Vitamin K Update
- 3 Minutes Read
- Mar 28, 2017
We all know vitamin K is involved with blood clotting, but did you know about the link to bone health? Or vascular disease?
The term "vitamin K" refers to several different molecules that all have a basic quinone structure at one end. They vary in the chemical structures at the other end, which determine their biochemical function. Vitamin K molecules play essential roles in numerous biochemical processes, including blood clotting and activation of bone building proteins. In fact, "K" comes from the German word 'koagulation'.
Blood clotting is probably vitamin K's best-known function. Clotting is a complex multi-step process, and vitamin K plays a critical part, thanks to its ability to bind calcium and activate clotting factors. People who are vitamin K deficient can have impaired blood clotting, leading to easy bruising, nosebleeds and bleeding gums. People prone to blood clots and stroke are typically given warfarin, a drug that interferes with vitamin K in the clotting process.
The latest buzz about vitamin K is about bone health. The discovery of vitamin K-dependent proteins in bone led researchers to investigate a possible role for this vitamin in bone mineralization. But supplementation studies using vitamin K1 - phylloquinone - for 1-3 years showed no benefit for bone health. Japanese cuisine offered another possible clue: natto, a fermented soy food and an especially good source of the menaquinone form of vitamin K, MK-7 (another form, MK-4, is found in some other foods). The theory is that the menaquinone form of vitamin K is the most effective form for activating bone-building proteins
Natto is popular in certain regions of Japan. Research shows that elderly women in those regions who eat natto have higher bone density than non-natto-eaters. In another study, older men who consume the highest amounts of natto had higher bone density than men who consumed little. Is it the MK-7? Studies using MK-4 or MK-7 supplements have shown mixed results. Some studies showed improved bone density; some showed no difference when compared to placebo. Despite these results, researchers do agree on one thing: more and better studies are needed to clarify the potential vitamin K benefit.

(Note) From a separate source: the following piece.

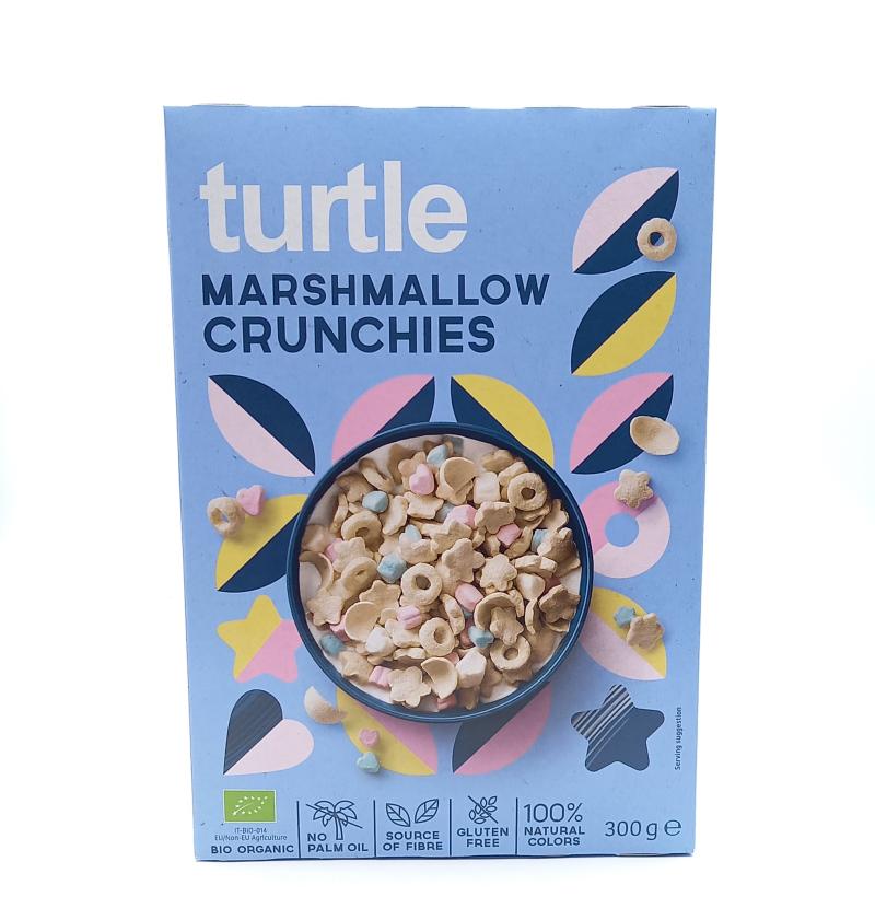Découvrez les Céréales d'avoine et riz avec marshmallows de Turtle, de délicieuses céréales croustillantes et arômatisées à la vanille avec des marshmallows croquants, idéales pour retomber en enfance et bien démarrer la journée. Réalisées avec des ingrédients issus de l'agriculture biologique, sans huile de palme et naturellement sans gluten.

Finally, the vitamin K-calcium connection may be linked to another serious condition: vascular disease. As atherosclerotic plaque builds up inside blood vessels, the plaque is calcified, which increases risk for rupture and heart attack. Some research suggests that vitamin-K dependent proteins may prevent this calcification. Vitamin K supplementation studies of older subjects showed that arterial calcification was significantly slowed in supplemented groups. In some cases, the people with the most improvement after 3 years of supplementation had started with the most arterial stiffness.

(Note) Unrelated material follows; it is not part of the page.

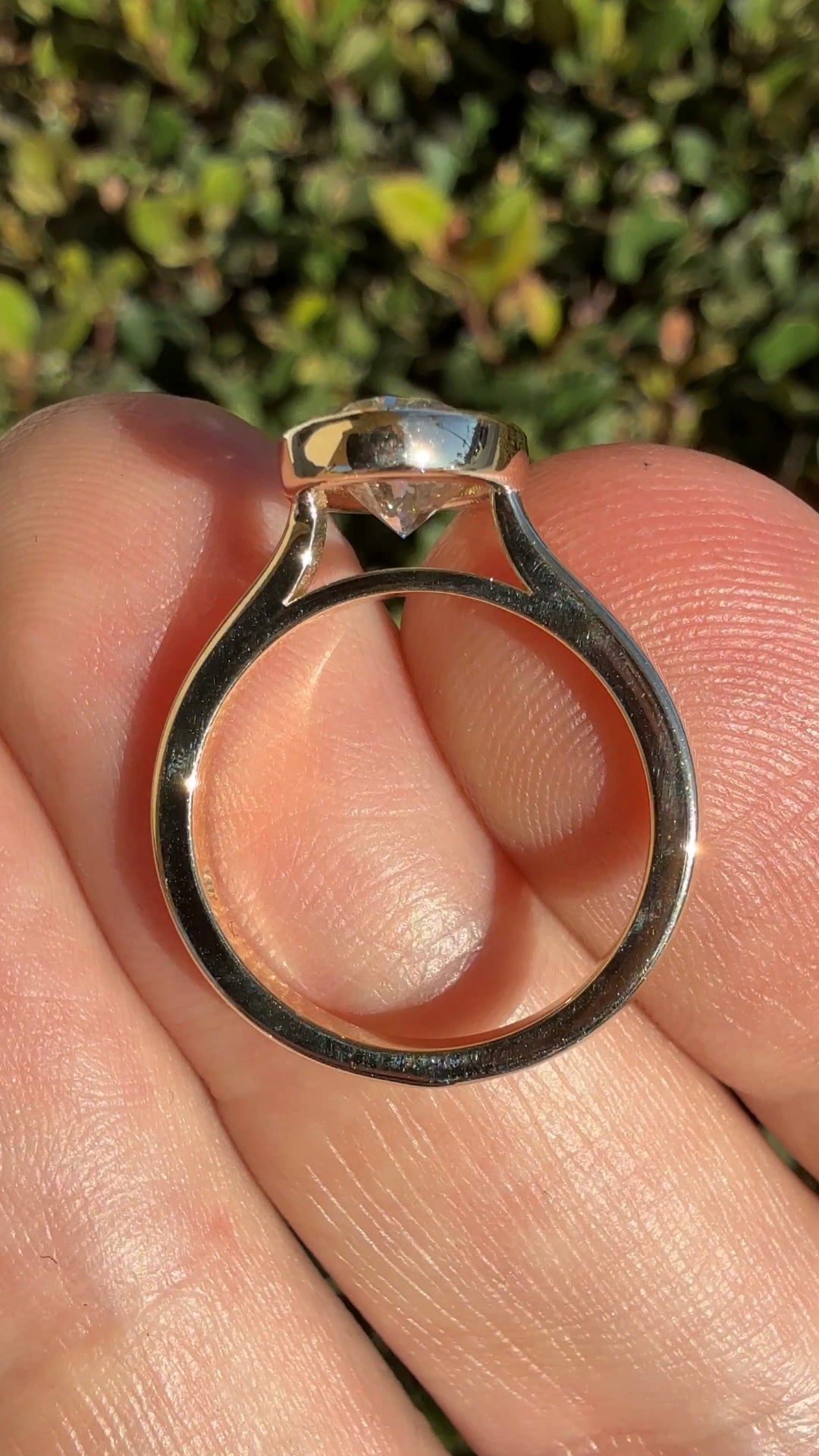 2MM Cathedral Solitaire Lab Grown Bezel Set Oval Diamond Engagement Ring

By now you might be thinking it would be a good idea to get enough vitamin K in your diet. How do you do that? The daily Adequate Intake recommendations are 120 micrograms for males and 90 mcg for females. Keep in mind, at the moment those recommendations do not distinguish between K1 and other forms of vitamin K, even though the different forms may have different functions in the body.
Vitamin K1, phylloquinone, is concentrated in plant foods, notably leafy greens. Some of the best sources include:
One cup of cooked kale leaves has over 1100 micrograms of vitamin K1, roughly 10X the daily requirement (NOTE: one cup of cooked kale is a LOT of kale). 1 cup of cooked spinach has 890 mcg, while one cup of raw spinach has about 150 mcg. So as you can see, it's relatively easy to get a day's recommended dose of K1 from food. There's one catch: vitamin K is a fat soluble vitamin, so it's better absorbed if eaten with a meal that contains fat. Perhaps that's a good reason to put oil-based salad dressing on tossed green salads.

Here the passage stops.